Franz Magnis Suseno. (Foto: Antara) |
"Misalnya, saya
ditanya pilih ajaran Katolik atau Pancasila, itu pertanyaan apa?" kata
Romo Franz pada webinar dengan tema Pancasila: Tandingan Agama atau Etika
Kebangsaan? di Jakarta, Sabtu (19/6/2021).
Ia menilai adanya
pertanyaan memilih Pancasila atau agama sama saja dengan menggerogoti kesetiaan
seseorang pada Pancasila karena memberi kesan memilih agama atau Pancasila.
"Jadi, yang
membuat pertanyaan ini sendiri sebenarnya tidak Pancasilais," kata Romo
Franz.
Jika pertanyaan yang
sama ditujukan kepada umat Islam memilih Pancasila atau Alquran, hal itu berbahaya dan perlu diselidiki.
Pancasila lahir bukan
untuk bersaing dengan agama mana pun sehingga ke depan tidak pernah ada lagi
pertanyaan-pertanyaan memilih Pancasila atau agama maupun kitab suci.
Romo Franz juga meminta
Pancasila tidak dilebih-lebihkan, apalagi sudah mengarah pada hal politis.

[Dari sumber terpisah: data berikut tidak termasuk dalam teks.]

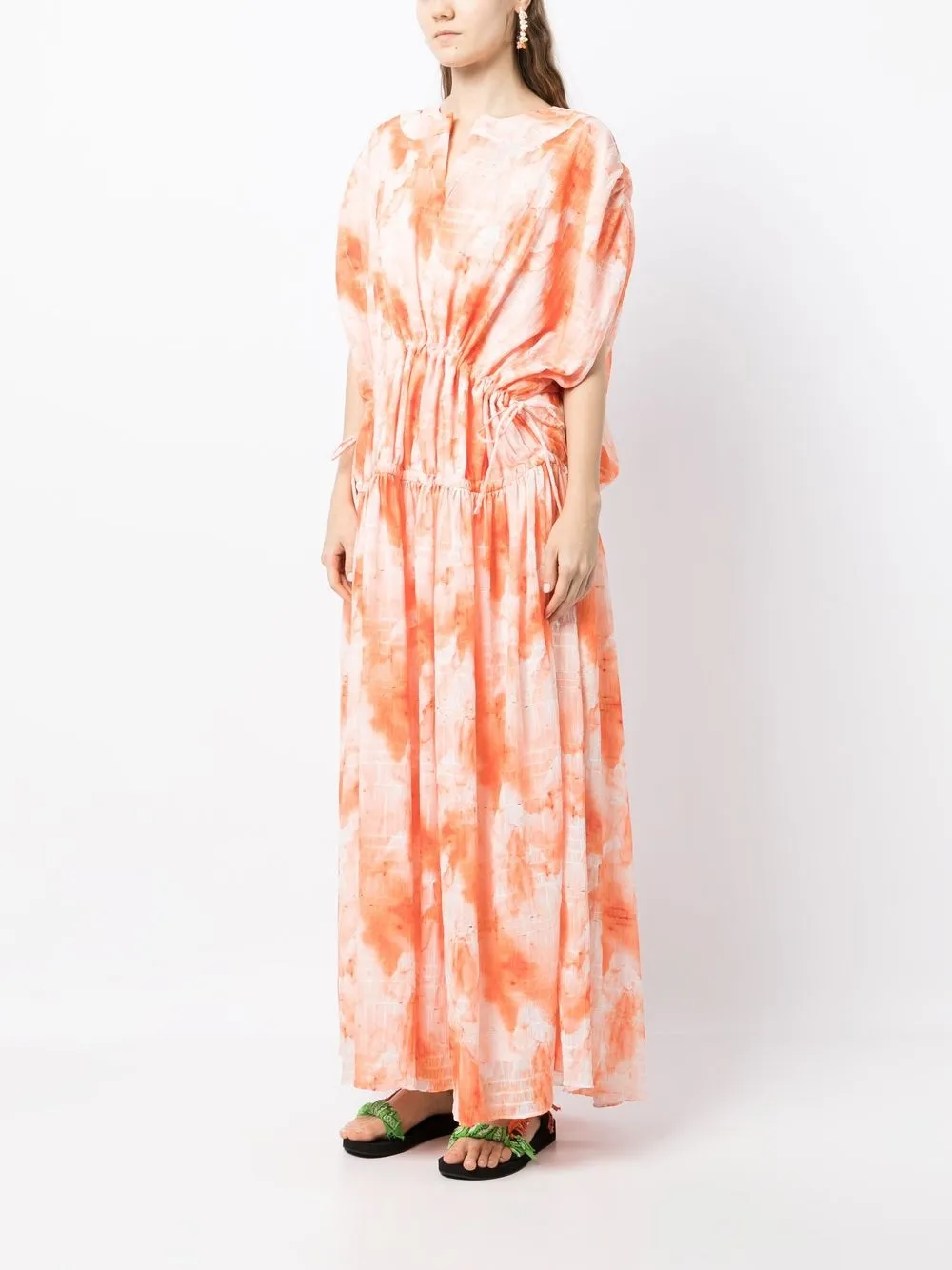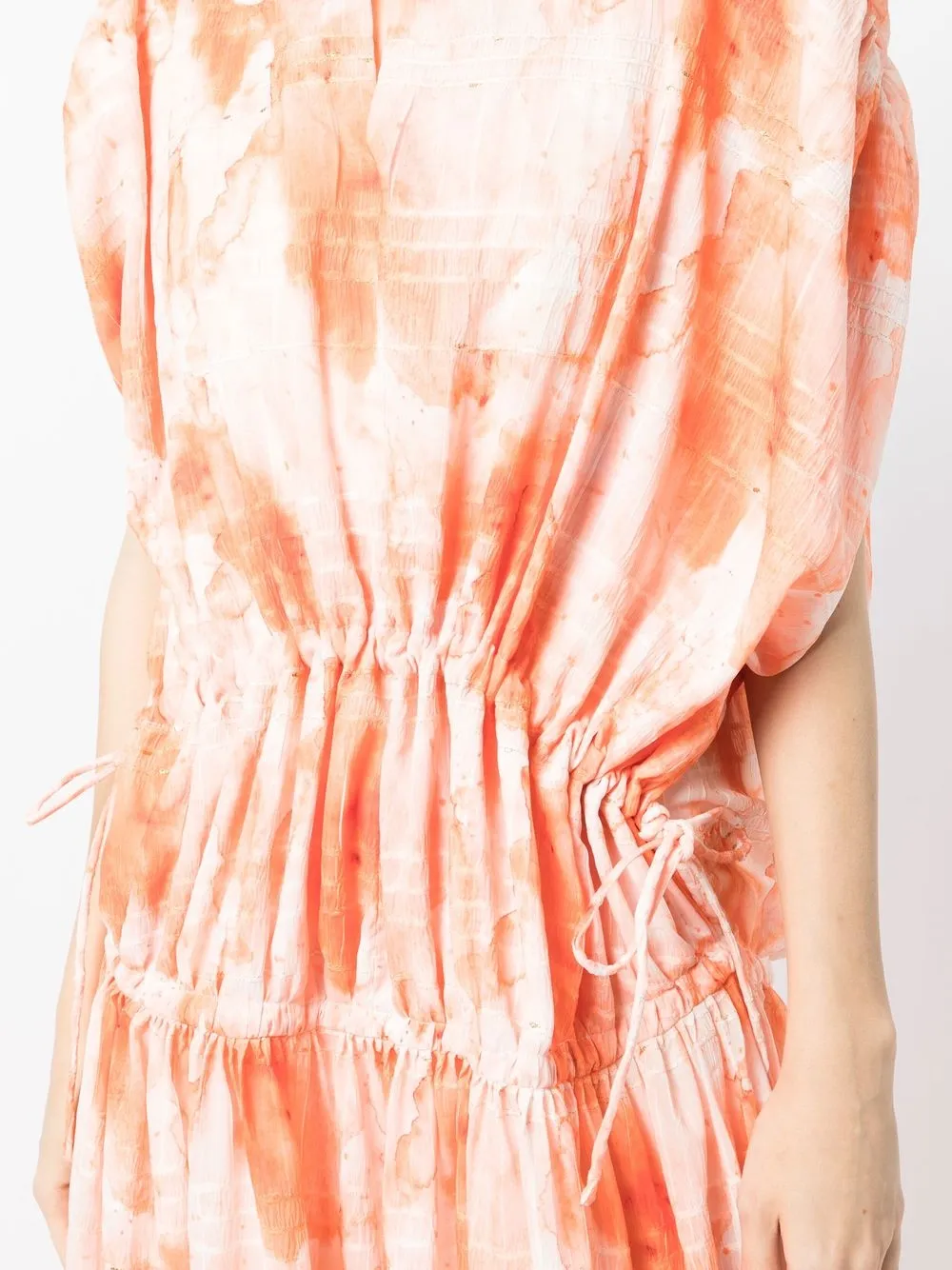 Светло-оранжевый, белый, расклешенный крой, рукава по локоть, широкие рукава, принт тай-дай и силуэт «кафтан».
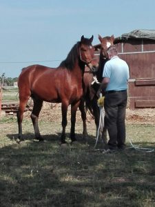 jedoch, da ich in sehr kurzer Zeit meinen Keks (Biskuit) und Krümel auf gesittete, kontrollierte Gangarten einstellen muss, ist beinahe jede Minute kostbar. Glaubt mir, das ist anstrengend. War die Tage abwechselnd mit Krümel und Keks alleine draußen. Es gab mit beiden Pferden an der ein oder anderen Wegstrecke erhöhten Diskussionsbedarf, wenn ihr wisst was ich meine. Krümel diskutiert mit mir ob ich aufsteigen darf, ob wir durch diese „enge Häuserschlucht“, es sind nur zwei Einfamilienhäuser und eine kleine Finca, gehen und kaum ist ein abgeerntetes Stoppelfeld da, dann geht er ohne mein Zutun in den Speed Galopp, nach dem Motto: hallo Reiter bin ich nicht schnell? Es bedarf schon einiges an reiterlichen Fähigkeiten Krümel wieder auf europäisches Reiten einzustellen. Ähnlich geht es auch mit dem Keks. Zwar lässt mich dieser beinahe problemlos in den Sattel, jedoch diskutiert der Keks genauso gerne wie Krümel und ein freies Feld heißt: hurra ich zeig dir was ich kann, und so standen nach ca. 300 Meter freiem Stoppelfeld mitten im Hafer. Bei den Diskussionen hat Krümel eine besondere Eigenart um zu zeigen, ob etwas missfällt. Krümel schlägt dann mit dem rechten Vorderhuf fünfmal auf den Boden. Immer fünf mal, so als ob er zählen könnte.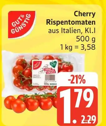 Jetzt im Angebot bei Edeka: Gut & günstig cherry rispentomaten ✅ Aktion gültig vom 2-03 bis 7-03.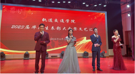在庄严的国歌声中,毕业生表彰大会正式拉开序幕。院党委书记李志刚宣读2023届省级、校级优秀毕业生表彰决定。随后,副校长龙永红为省级优秀毕业生颁发荣誉证书并合影留念。

Masalahnya, akan kontraproduktif karena meminta seseorang memilih Pancasila
atau agama.
Untuk menjadi orang
Indonesia, setiap orang tidak perlu melepaskan identitasnya masing-masing
apakah itu suku, apalagi mengompromikan agama atau keyakinan.
Sebagai manusia, kata
dia, setiap orang memiliki keterikatan sosial kepada keluarga, kampung halaman,
negara, dan tentunya pada agama.
Persoalan memilih
Pancasila atau Alquran pertama kali mencuat dalam tes wawasan kebangsaan yang
dilaksanakan Komisi Pemberantasan Korupsi (KPK) bekerja sama dengan Badan
Kepegawaian Negara (BKN).
Wakil Ketua KPK Nurul
Ghufron sendiri mengaku tidak mengetahui adanya materi soal yang mempertanyakan
perihal memilih Pancasila atau Alquran.
"KPK dan saya
tidak tahu tentang materi soalnya, metode dan bagaimana mekanisme evaluasinya,
semuanya kami pasrahkan ke Badan Kepegawaian Negara," katanya.